Member of the West Virginia House of Delegates
- In office December 1, 2022 – February 28, 2026
- Preceded by: Redistricting
- Succeeded by: Donald Bennett
- Constituency: 94th district
- In office December 1, 2018 – December 1, 2020
- Preceded by: Saira Blair
- Succeeded by: Ken Reed
- Constituency: 59th district
- In office December 1, 2010 – December 1, 2014
- Preceded by: Craig Blair
- Succeeded by: Saira Blair
- Constituency: 59th district (2012–2014) 52nd district (2010–2012)

Personal details
- Born: January 27, 1948 Chambersburg, Pennsylvania, U.S.
- Died: February 28, 2026 (aged 78) Charleston, West Virginia, U.S.
- Party: Republican
- Education: Hagerstown Community College (AS) Frostburg State University (BS)
- Website: larrykump.com

= Larry Kump =

American politician (1948–2026)

Larry Douglas Kump (January 27, 1948 – February 28, 2026) was an American politician who served as a member of the West Virginia House of Delegates, representing district 94 from 2022 until his death in 2026. He previously served in the chamber from 2010 to 2014 and again from 2018 to 2020.

==Early life and education==
Kump was born in Chambersburg, Pennsylvania, on January 27, 1948. He earned an associate degree from Hagerstown Community College and a Bachelor of Science degree in political science from Frostburg State University.

==Career==
In 2010, when Representative Craig Blair ran for the West Virginia Senate and left his seat open, Kump was unopposed for the May 11, 2010, Republican primary, winning with 728 votes, and won the November 2, 2010, General election with 3,735 votes (57.1%) against Democratic nominee Michael Roberts, who had run for the seat in 2008.

In 2012, Kump was redistricted to the 59th district.

In 2014, Kump lost the primary to Saira Blair by a vote of 54.5 percent to 45.5 percent.
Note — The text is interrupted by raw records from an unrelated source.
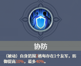 另外在协防这个技能上面,他被动触发的则是根据其中的友军来带来防御提升的能力,最多的情况下,基安希尔可以根据自身范围,只要两个格子里面存在一个敌军的话,就可以带来10%的提升,最多的情况下,他周围可以存在4个这样的敌军,所以他如果达到被我方队友包围的一个效果,能够达到的最高被动提升数值也达到了40%,所以相比较来说的话,右边这个能力为他带来的防护效果会更好。
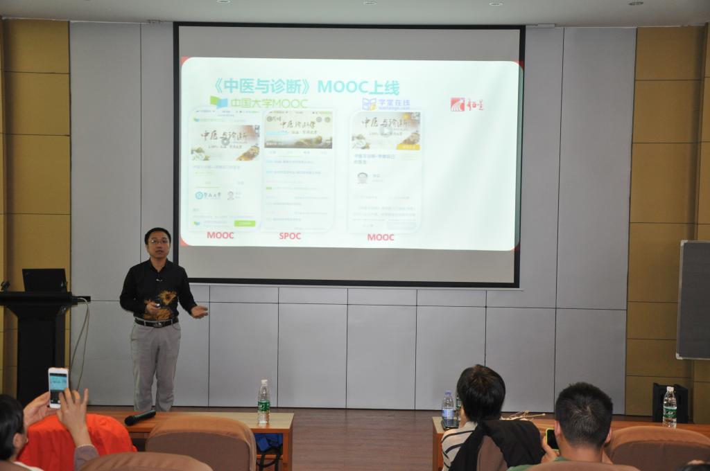 孙立教授作题为《慕课建设和混合教学经验分享》专题报告。他以自身所教授的课程《中医与诊断》课程为例、以教师都是“编剧、导演、明星”的诙谐比喻,来讲解了慕课的分析,设计与制作。孙立还介绍了自己利用“SPOC+翻转课堂+混合学习”来讲授《中医与诊断》的经验,他认为,实时互动混合式学习模式下也不要轻易跳过教学步骤,混合式学习不是不要教学,而是创造创新教学模式。
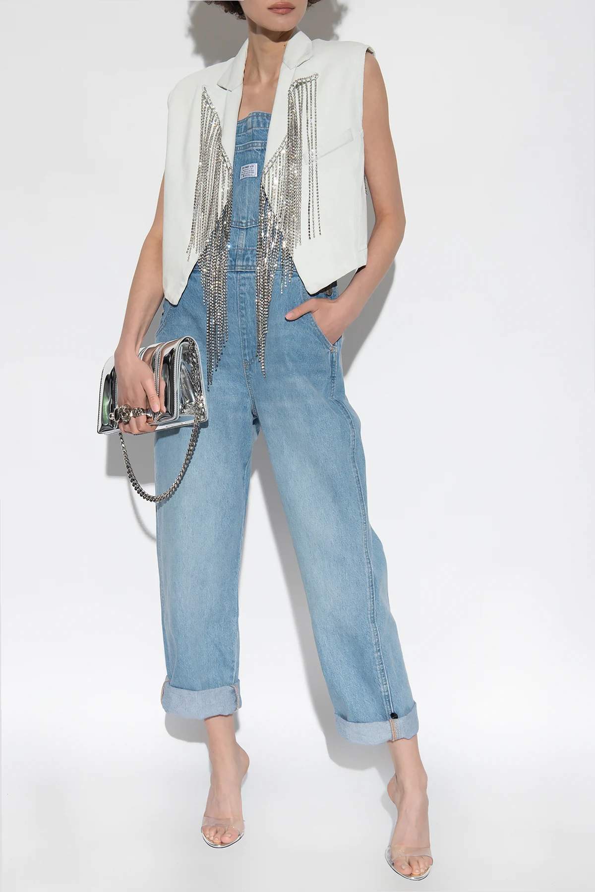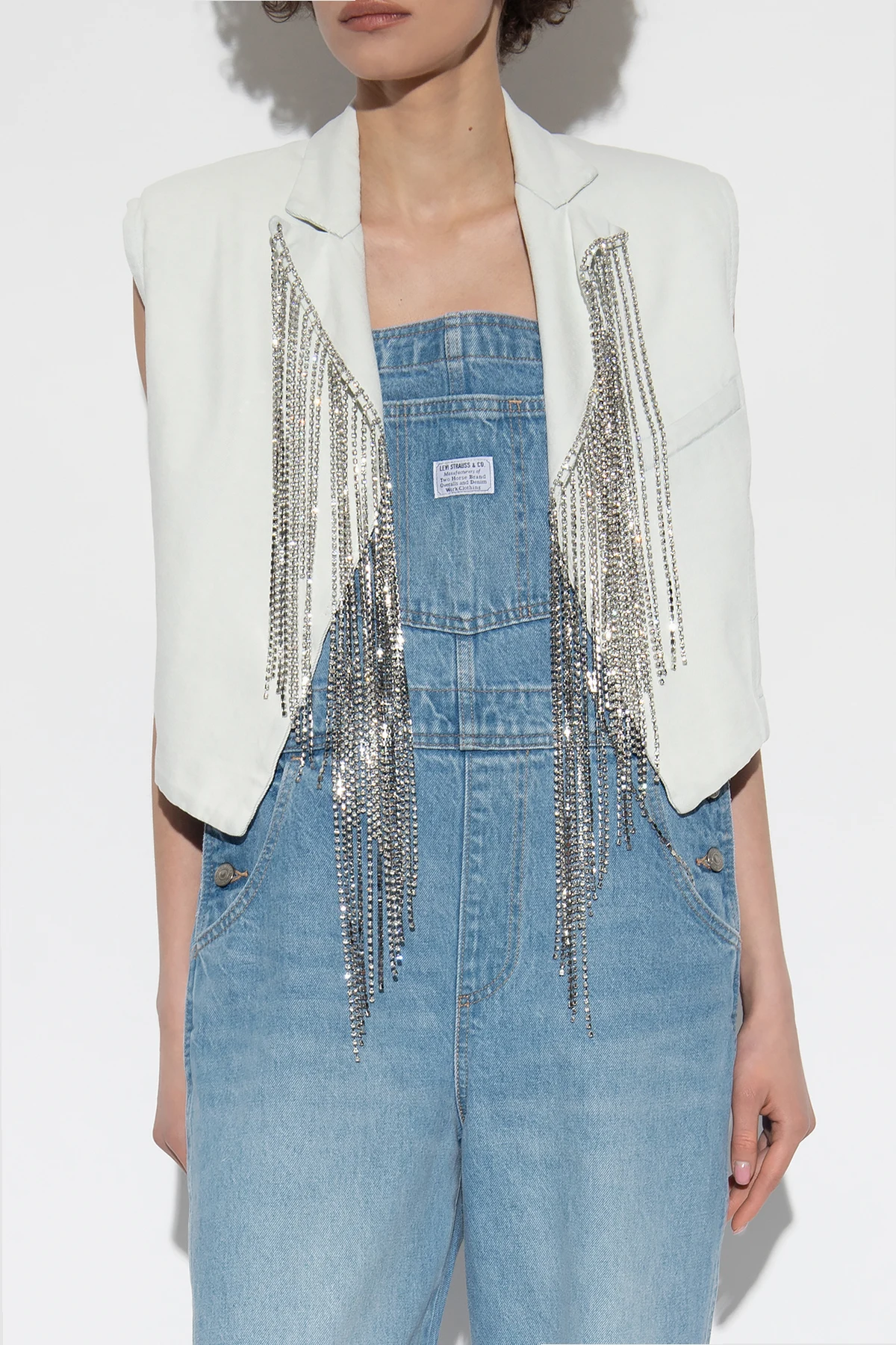 White denim vest from Forte Forte. This design features a front pocket, silver-tone metal fringes embellished with crystals and blue logo patch at the back.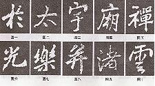 7.多豎并列寫法。一字之中如有多豎并列出現(xiàn)時(shí),如不注意調(diào)節(jié),最易刻板。因此要注意每豎均要有不同的寫法,且豎與豎之間的關(guān)系也要注意變化,如呈相向還是相背之態(tài),等等。如圖七“佛”字。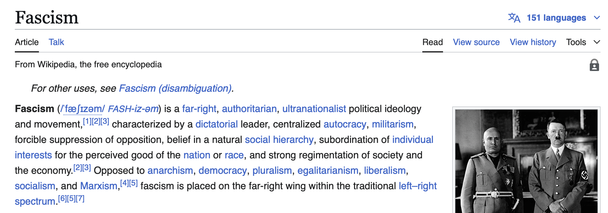 Trump’s own Chairman of The Joint Chief Of Staff (AKA the top Military mind in his administration) refers to Trump as “Now the most dangerous person to this country..” and “a total fascist”. When you compare Trump to the definition of fascism the only thing missing from the Wikipedia page is his full name and accompanying photo. Otherwise, it’s an exact copy-and-paste job from Trump’s personal bio from his “Future-Russian-Bride-Finder.biz” account homepage.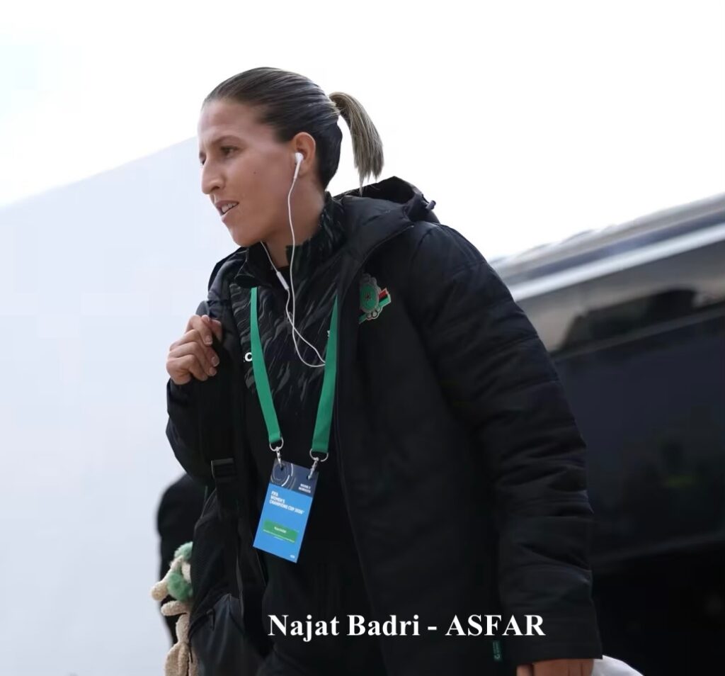 Badri, toda una leyenda del ASFAR, lleva en el club desde 2013 y ha ganado varios trofeos importantes. El palmarés de esta futbolista de 37 años incluye doce campeonatos de la liga marroquí y dos títulos de la Liga de Campeones Femenina de la CAF. Badri, centrocampista que destaca por su serenidad y aplomo, no solo es un ejemplo para sus compañeras, sino que tiene la capacidad de aportar goles y asistencias.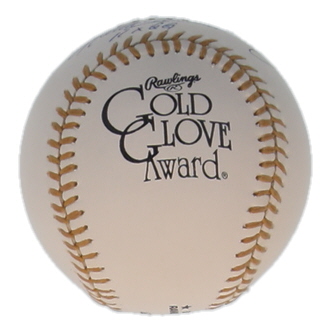 Rawlings Official Gold Glove Award Logo Baseball. Hand-signed and inscribed by Keith Hernandez (St. Louis Cardinals).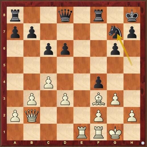 Die 5. Runde bescherte mir eine Weißpartie gegen den Koblenzer Wolfgang Polster. Wir konnten uns beide nicht erinnern, aber tatsächlich hatten wir 1989 in der 2. Bundesliga West schon einmal gegeneinander gespielt, damals mit dem besseren Ende für mich. Diesmal griff ich schon frühzeitig in der Eröffnung daneben und geriet nach 12 Zügen in eine schwierige Stellung (siehe Diagramm). Weiß steht schlechter und ich überlegte schon eine Weile an der Notbremse 13. Le4 Lg4 14.Lxd4 exd4 15.f2-f3. Aber dann sah ich eine kleine Verbesserung in dieser Variante …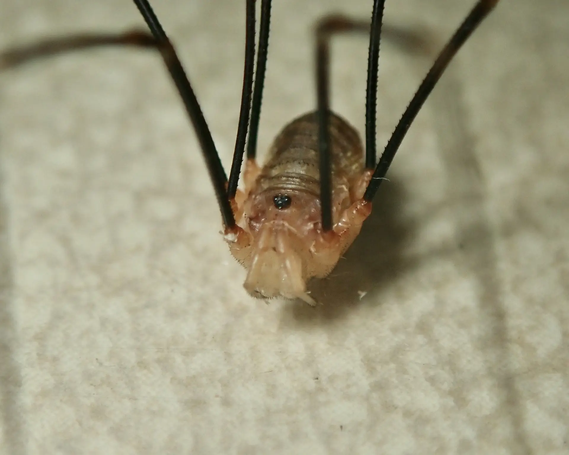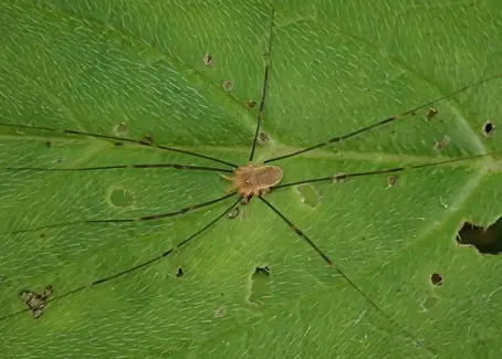 Unlike spiders, harvestmen don’t produce silk and also lack venom. They eat a variety of small invertebrates and will even scavenge dead prey and nibble fruit!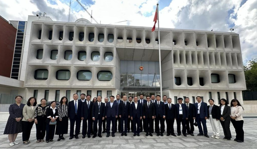 中国驻西班牙大使姚敬会见代表团一行,介绍西班牙教育体系以及中西学生交流情况。我校代表团团长翟玮玮校长介绍了学校办学情况和学校在建郑和学院项目基本情况并交流本次访欧成果,姚敬表示将搭建更多中西民间教育交流平台,不断推动中西教育合作走深走实。

Kump said that he was not surprised he lost, citing his independent voting record and the desire of the district's Republicans to be represented by a Delegate who would conform better to the party line.

In the 2016 election, Kump ran for the 15th District seat in the West Virginia Senate, held by fellow Republican Craig Blair. Kump was defeated by 9,823 votes (67.77%) to 4,671 (32.23%).

In the 2018 election, Kump ran for the 59th District seat in the West Virginia House of Delegates, defeating Democrat John Isner by a vote of 62.0 percent to 38.0 percent. Kump was defeated for reelection in the 2020 Republican primary by Ken Reed, 57.32% to 42.68%.

Kump won the 2022 Republican primary for House Of Delegates in the 94th District with two-thirds of the vote in a three-person race. He was reelected unopposed in the general election.

Kump was a candidate for reelection at the time if his death.

==Death==
Kump died at a hospital in Charleston, West Virginia on February 28, 2026, at the age of 78, while still in office.